Skip to content

Remote launcher plugin

PatchedSlurmQueueConf dataclass #

Bases: _AddedArgumentsConf, SlurmQueueConf

Adds more SLURM parameters to the config for the SLURM submitit launcher of Hydra.

signal_delay_s class-attribute instance-attribute #

signal_delay_s: int = 120

USR1 signal delay before timeout.

max_num_timeout class-attribute instance-attribute #

max_num_timeout: int = 0

Maximum number of retries on job timeout.
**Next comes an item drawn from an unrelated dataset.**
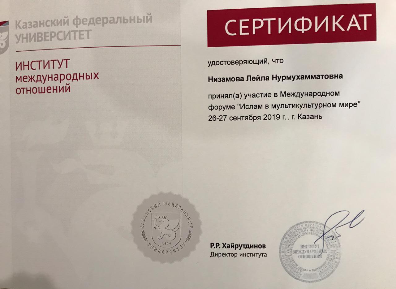5. Низамова Л.Н.- Международный форум «Ислам в мультикультурном мире»;

Change this only after you confirmed your code can handle re-submission by properly resuming from the latest stored checkpoint. check the following for more info on slurm_max_num_timeout https://github.com/facebookincubator/submitit/blob/master/docs/checkpointing.md

additional_parameters class-attribute instance-attribute #

additional_parameters: dict[str, Any] = field(
    default_factory=dict
)

Useful to add parameters which are not currently available in the plugin.
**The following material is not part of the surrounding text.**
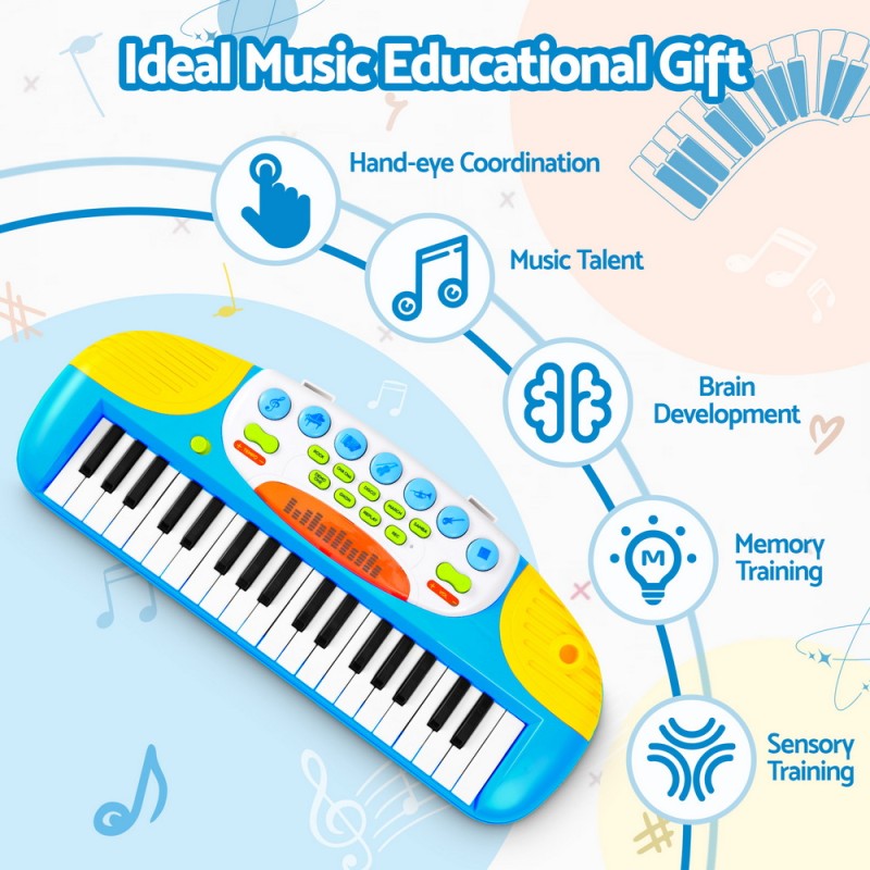 Unleash the little Mozart within with the Keezi 37-Key Kids Piano Keyboard, an all-in-one set designed to inspire young musicians aged 3+. This vibrant musical instrument set includes a table and chair, 5 rhythmic beats, 5 instrument sounds, and 10 demo songs to explore. Budding musicians can record their first compositions with the playback function, sing along using the adjustable microphone, and follow the engaging LED lights. With a detachable music stand and easy tempo/volume control, it’s the perfect introduction to music, fostering creativity and joy. Designed with MP3, microphone, and transformer ports for endless fun, this set promises a lifelong love of music.

Eg: {"mail-user": "blublu@fb.com", "mail-type": "BEGIN"}

array_parallelism class-attribute instance-attribute #

array_parallelism: int = 256

Maximum number of jobs running in parallel.

setup class-attribute instance-attribute #

setup: list[str] | None = None

A list of commands to run in sbatch before running srun.

get_slurm_accounts cached #

get_slurm_accounts(cluster: str) -> list[str]

Gets the SLURM accounts of the user using sacctmgr on the slurm cluster.